Theorem. Up to equivalence, the Virasoro algebra is the unique non-trivial central extension of the Witt algebra.
Proof sketch. This is essentially just a calculation. Any central extension has to be of the form
[ [L_m, L_n] = (m-n) L_{m+n} + A(m,n) c ]
for some function (A(m,n)). If we make the replacement (L_m \mapsto L_m + a_m c), then we have
[ [L_m, L_n] = (m-n) L_{m+n} + \left( A(m,n) + (m-n) a_{m+n} \right) c ]
Taking (n = 0), we have
[ [L_m, L_0] = m L_{m} + \left( A(m,0) + m a_{m} \right) c ]
Hence for (m\neq0) we can take (a_m = m^{-1} A(m,0)). Having done this, we are now free to assume that (A(m,0) = 0 ) for all (m). Then we may apply the Jacobi identity to deduce that (A(m,n)=0) except possibly for (m=-n), so that (A(m,n)) can be written in the form (A(m,n) = A_m \delta_{m+n, 0}). Finally, another application of the Jacobi identity yields a simple recurrence relation for the coefficients (A_m), and it is easily seen that every solution of this recurrence is proportional to (m^3-m).

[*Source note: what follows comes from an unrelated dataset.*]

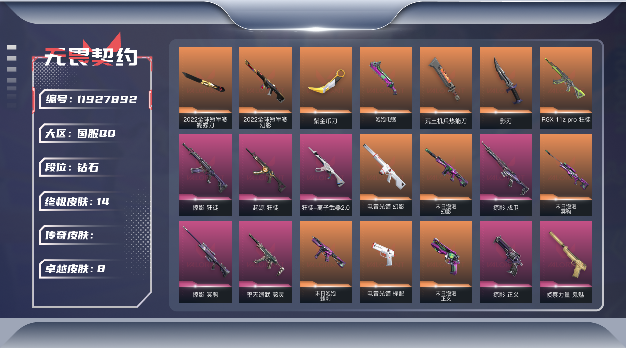 [11927892]【套装】:2022全球冠军赛套装,末日泡泡套装,掠影套装 【英雄】:幻棱,炼狱,维斯,暮蝶,壹决,铁臂,捷风,雷兹,幽影,不死鸟,贤者,猎枭,蝰蛇,零,芮娜,奇乐,尚勃勒,霓虹,夜露,K/O,盖可,黑梦,钢锁 【近战 武器】:近战武器-2022全球冠军赛 蝴蝶刀,近战武器-紫金爪刀,近战武器-泡泡电锯,近战武器-荒土机兵 热能刀,近战武器-影刃 【狂徒】:狂徒-RGX 11z Pro,狂徒-掠影,狂徒-起源,狂徒-离子武器//2.0,狂徒-荒土机兵 【幻影】:幻影-2022全球冠军赛,幻影-电音光谱,幻影-末日泡泡,幻影-纳米打击,幻影-电音光谱 【戍卫】:戍卫-掠影,戍卫-逆冲蛮牛 【獠犬】:獠犬-逆冲蛮牛 【冥驹】:冥驹-末日泡泡,冥驹-掠影,冥驹-荒土机兵 【奥丁】:奥丁-纳米打击 【判官】:判官-纳米打击x 【雄鹿】:雄鹿-逆冲蛮牛 【骇灵】:骇灵-堕天遗武,骇灵-荒土机兵 【蜂刺】:蜂刺-末日泡泡 【标配】:标配-电音光谱,标配-荒土机兵,标配-电音光谱 【正义】:正义-末日泡泡,正义-掠影,正义-超限闪存,正义-纳米打击 【鬼魅】:鬼魅-侦察力量,鬼魅-诡秘蛇影,鬼魅-扑棱扑棱,鬼魅-星云暗涌 【狂怒】:狂怒-逆冲蛮牛 【短炮】:短炮-弧光异彩 【卡面】:终章:激斗汉堡 卡面,进入射程 卡面,分崩离析 卡面,纳米打击 卡面,抑制技术 卡面,激斗汉堡 卡面,瓦娃脸雪糕 P2 卡面,从黄昏到黎明 卡面,荒土机兵 卡面,银弹猎手 卡面,逆冲蛮牛 卡面,《双城之战》拥抱 卡面,精灵大战 卡面,欢迎来到底城 卡面,南瓜盛典 卡面,无畏契约:暮蝶 卡面,修车达人 卡面,正义的化身 卡面,零点嗅探设计图 卡面,瓦娃脸雪糕 卡面 ,无畏契约GO!第一卷:芮娜 卡面,清除名单 卡面,无畏契约GO!第一卷:零 卡面,《双城之战》金克丝 卡面,夯实根基 卡面,"Luie" 卡面,热烈欢迎 卡面,铁臂设计图 卡面,代号红色 卡面,冰淇淋店 卡面,新兵报到 卡面,友军火力 卡面,V契约 卡面,无畏契约 卡面 【喷漆】:小小心意 喷漆,战“素”兔 喷漆,宇宙的指引 喷漆,请求重启 喷漆,逆冲蛮牛 喷漆,纳米打击 喷漆,鼻尖上的蝴蝶 喷漆,简笔画黯兽 喷漆,独守蝰腹 喷漆,他们将落荒而逃 喷漆,通缉:战术企鹅 喷漆,荒土机兵 喷漆,别挡我吃球! 喷漆,嗨宝南瓜灯 喷漆,嘭! 喷漆,

Now we can take our (preliminary, and still too naive) definition of a quantum conformal field theory to be a unitary representation of the Virasoro algebra.

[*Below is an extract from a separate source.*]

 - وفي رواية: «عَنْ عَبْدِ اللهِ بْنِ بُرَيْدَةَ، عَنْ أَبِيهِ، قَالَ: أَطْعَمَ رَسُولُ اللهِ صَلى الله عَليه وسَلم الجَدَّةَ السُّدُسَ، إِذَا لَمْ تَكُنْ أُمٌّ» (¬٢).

Stress-Energy Tensor and OPE
The operator (L_0) behaves like the Hamiltonian of the theory, and the Virasoro relations show that (L_n) for (n>0) act as lowering operators. Hence, in a physically sensible representation, the vacuum vector (|\Omega\rangle) will be annihilated by (L_n) for all (n > 0). Unitary requires (L_n^\dagger = L_{-n}), so additionally we have (\langle \Omega|L_n = 0) for (n < 0). Hence
[ \langle \Omega | L_m L_n | \Omega \rangle = 0 \ \textrm{unless}\ n \leq 0, m \geq 0 ]
Now define the stress-energy tensor to be the operator-valued formal power series
[ T(z) = \sum_n \frac{L_n}{z^{n+2}} ]
We can consider the vacuum expectation of the product (T(z) T(w)). By the above remarks, many terms in the expansion will vanish. In fact, it is a straightforward (but tedious!) exercise to check the following.

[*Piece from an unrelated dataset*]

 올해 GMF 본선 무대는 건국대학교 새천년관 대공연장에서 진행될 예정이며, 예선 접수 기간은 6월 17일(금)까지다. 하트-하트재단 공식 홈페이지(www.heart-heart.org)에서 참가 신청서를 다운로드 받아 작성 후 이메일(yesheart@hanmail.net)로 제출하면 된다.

Theorem. The stress-energy tensor satisfies the operator product expansion
[ T(z) T(w) \sim \frac{c/2}{(z-w)^4} + \frac{2 T(w)}{(z-w)^2} + \frac{\partial_w T(w)}{z-w} ]
where (\sim) denotes that the left- and right-hand sides are equal up to the addition of terms with vanishing vev and/or regular as (z \to w).